Diyarbakır; ülkenin siyasi tarihi boyunca hep önemli olmuştur ve siyasiler, en önemli açıklama ve vermek istedikleri en önemli mesajları bu kentten vermiştir. Cumhurbaşkanı ve Ak Parti Genel Başkanı Recep Tayyip Erdoğan’da, bugüne kadar Diyarbakır'a her gelişinde siyasi ve ekonomik anlamda çok önemli açıklamalar yaptı, önemli mesajlar verdi.
Erdoğan’ın, 17 Mart 2018’de, partisinin 6’ncı olağan kongresine katılacak olması, her zamanın aksine ve de yukarıda saydığım nedenlerden dolayı kentte, pek de büyük bir beklenti yaratmadı. Ancak, yine de küçükte olsa ‘acaba sürpriz bir çıkış olur mu?’ umudu da vardı doğrusunu söylemek gerekirse... Ama bu olmadığı gibi, mitingle ilgili tartışmalar günler öncesinden başladı ve halen de kent kamuoyu devam ediyor.
Erdoğan’ın, Diyarbakır’a geleceği tarihten günler öncesinden hazırlıklar başladı. Devletin bütün imkanları kullanılarak, Erdoğan’ın geçeceği güzergahlardaki eksiklikler hızla tamamlandı, aylar sürebilecek hizmetler çarçabuk tamamlandı, her yer Erdoğan fotoğrafları ve bayraklarla süslendi. Daha sonra bazı kesimler tarafından kamu kurum ve kuruluş çalışanlarının mitinge katılmaları yönünde sözlü ve telefon mesajıyla uyarıldığı iddia edildi.
Bunun üzerine önce; Kamu Emekçileri Sendikaları Konfederasyonu Şubeler Platformu Dönem Sözcüsü ve Sağlık ve Sosyal Hizmet Emekçileri Sendikası Şube Sekreteri Mehmet Nur Ulus, basın açıklaması yaptı. Ulus, ‘Mülki amirlerin yaptıkları toplantılar ve oluşturdukları sosyal iletişim ağları üzerinden, iletilen mesajlar ve yazılar ile tüm kamu çalışanları AKP kongresine katılmaya zorlanmaktadır. Katılmak istemeyen çalışanlar 'KHK'larla ihraç edileceksiniz' diye tehdit edilerek, Anayasa'ya göre yetkisini aşan idari amirler herhangi bir yaptırımla karşılaşmadan iktidarın bir neferi gibi çalışmaktadırlar.

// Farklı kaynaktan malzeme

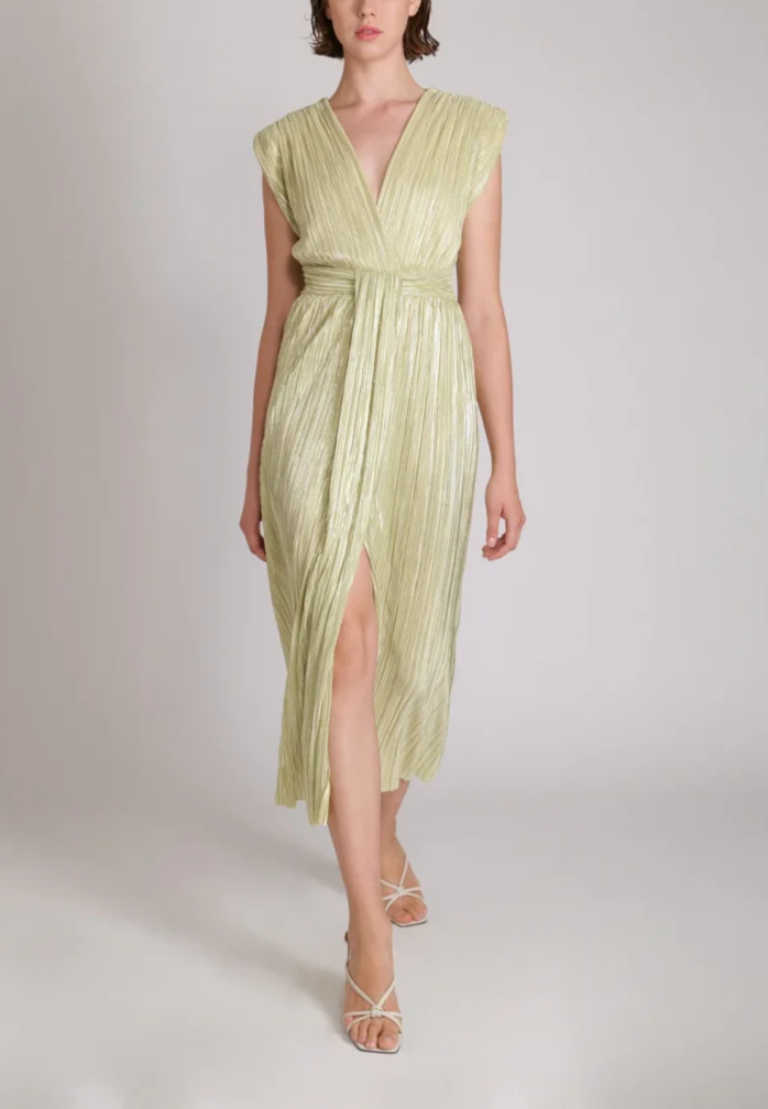 Pleated V-Neck Midi Dress

Kurum amirlerince verilen talimatlar doğrultusunda Diyarbakır merkez ve ilçelerde belirlenen toplanma yerlerine servisler ayarlanarak, topluca fotoğraflar çekilerek, iletişim ağları ile paylaşılması emri verilmiştir’ iddiasında bulundu.
Daha sonra Dicle Üniversitesi ile ilgili bir iddia ortaya atıldı. İddia da, Dicle Üniversitesi Hastaneleri'nde taşeron firma işçisi olarak çalışan yaklaşık 2 bin kişinin telefonlarına, AKP Genel Başkanı Recep Tayyip Erdoğan'ı karşılamaya katılmaları ve orada olduklarına dair fotoğraf çekmeleri istenilen bir mesaj atıldığı öne sürüldü.

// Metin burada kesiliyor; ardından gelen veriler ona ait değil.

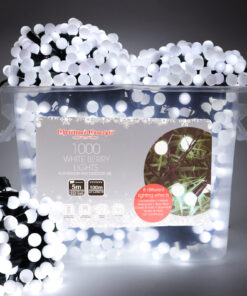 LED Berry Lights with 8 Function Controller – Indoor/Outdoor – Energy Efficient A++ – Christmas Lights (White, 1000)

Üniversite yönetimi, altında 'Dicle Üniversitesi Rektörlüğü' yazan mesajın kendileri ile bir ilgisi olmadığını açıklamasının ardından, ilk mesajı atan firmadan bu kez, ‘Siz değerli çalışanlarımıza kendini bilmez kişi veya kişilerce atılan mesajın Dicle Üniversitesi Rektörlüğü ile alakası bulunmamaktadır' mesajı geçildi.

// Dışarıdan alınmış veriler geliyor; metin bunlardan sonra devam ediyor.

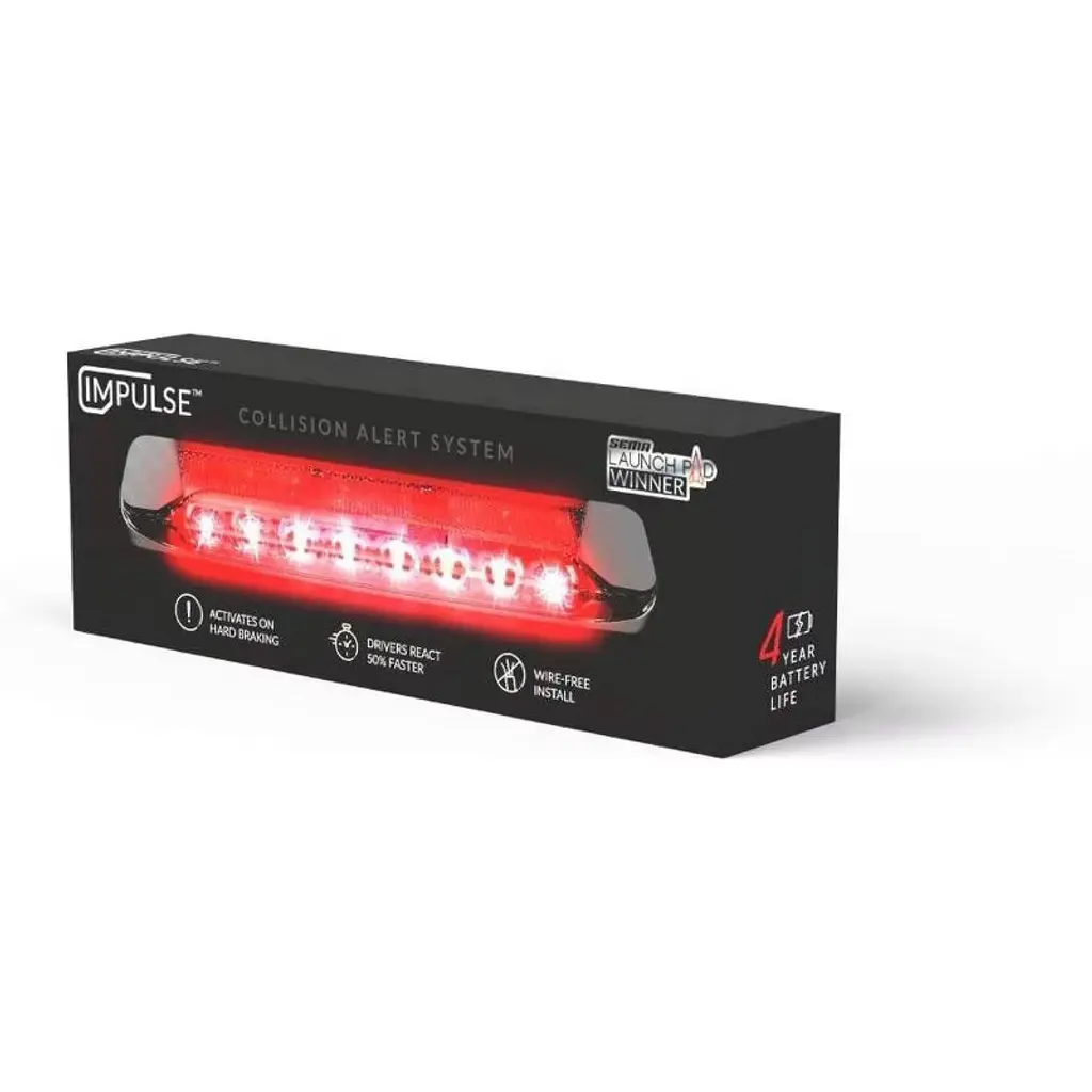 Are you ever worried that someone is driving too closely behind you? What will happen when you need to stop quickly? Introducing Braking Bar, the world's first Collision Alert System for the driver behind you. Introducing Braking Bar, the world's first Collision Alert System for the driver behind you. Now, with Impulse - the Sudden Brake Alert warning system, the driver behind you is warned when you slam on the brakes with ultra-bright, pulsing LEDs, making them react up to 50% faster and preventing them from hitting you.

Ancak taşeron firma, geçtiği ikinci mesajda ise, şu ifadelere yer verdi. ‘17.03.2017 tarihinde (Cumartesi) saat:14.30'da Sayın Cumhurbaşkanımızın katılacağı Diyarbakır mitingine firma olarak tüm çalışanlarımızı davet ediyoruz. Taşerona kadronun mimarı olan Sayın Cumhurbaşkanımızı Diyarbakırımıza yakışır bir şekilde karşılamamızı temenni ediyoruz.’
Son ve en sert açıklama ise, Saadet Partisi Diyarbakır İl Başkanı Feshi Bozan’dan geldi. Bozan, Cumhurbaşkanının gelişi öncesinde flamalarının kaldırıldığını ileri sürerek, şunları söyledi:
‘Parti olarak devletin halka karşı gardiyan devlet değil, garson devlet anlayışı içinde olması gerektiğini 40 yıldır söylüyoruz. Farklı görüşte olan vatandaşlarımızın devletin bir etkinliğine değil, bir partinin kongresine iradeleri dışında zorla götürülmesi, bir hukuk devletinde olmaması gerekir ve bunun ciddi bir yanlış olarak görüyoruz. Devletin tüm imkanlarının ölçüsüz, sınırsız ve israfın tavan yaptığı bir şekilde iktidar partisinin çalışmaları için kullanılmasını doğru görmüyoruz.’
Durum bu… Cumhurbaşkanı ve Ak Parti Genel Başkanı Erdoğan’ın, Diyarbakır mitingi, sokaktaki siyasi ve ekonomik beklentilere cevap vermedi belki ama, bu ziyaret iddia ve tartışmalarıyla gündeme oturdu ve tartışmanın bir süre daha devam edeceği görülüyor.
Sevgiyle kalın.
Yorum Ekle
Yorumlar
Sizlere daha iyi hizmet sunabilmek adına sitemizde çerez konumlandırmaktayız. Kişisel verileriniz, KVKK ve GDPR
kapsamında toplanıp işlenir. Sitemizi kullanarak, çerezleri kullanmamızı kabul etmiş olacaksınız.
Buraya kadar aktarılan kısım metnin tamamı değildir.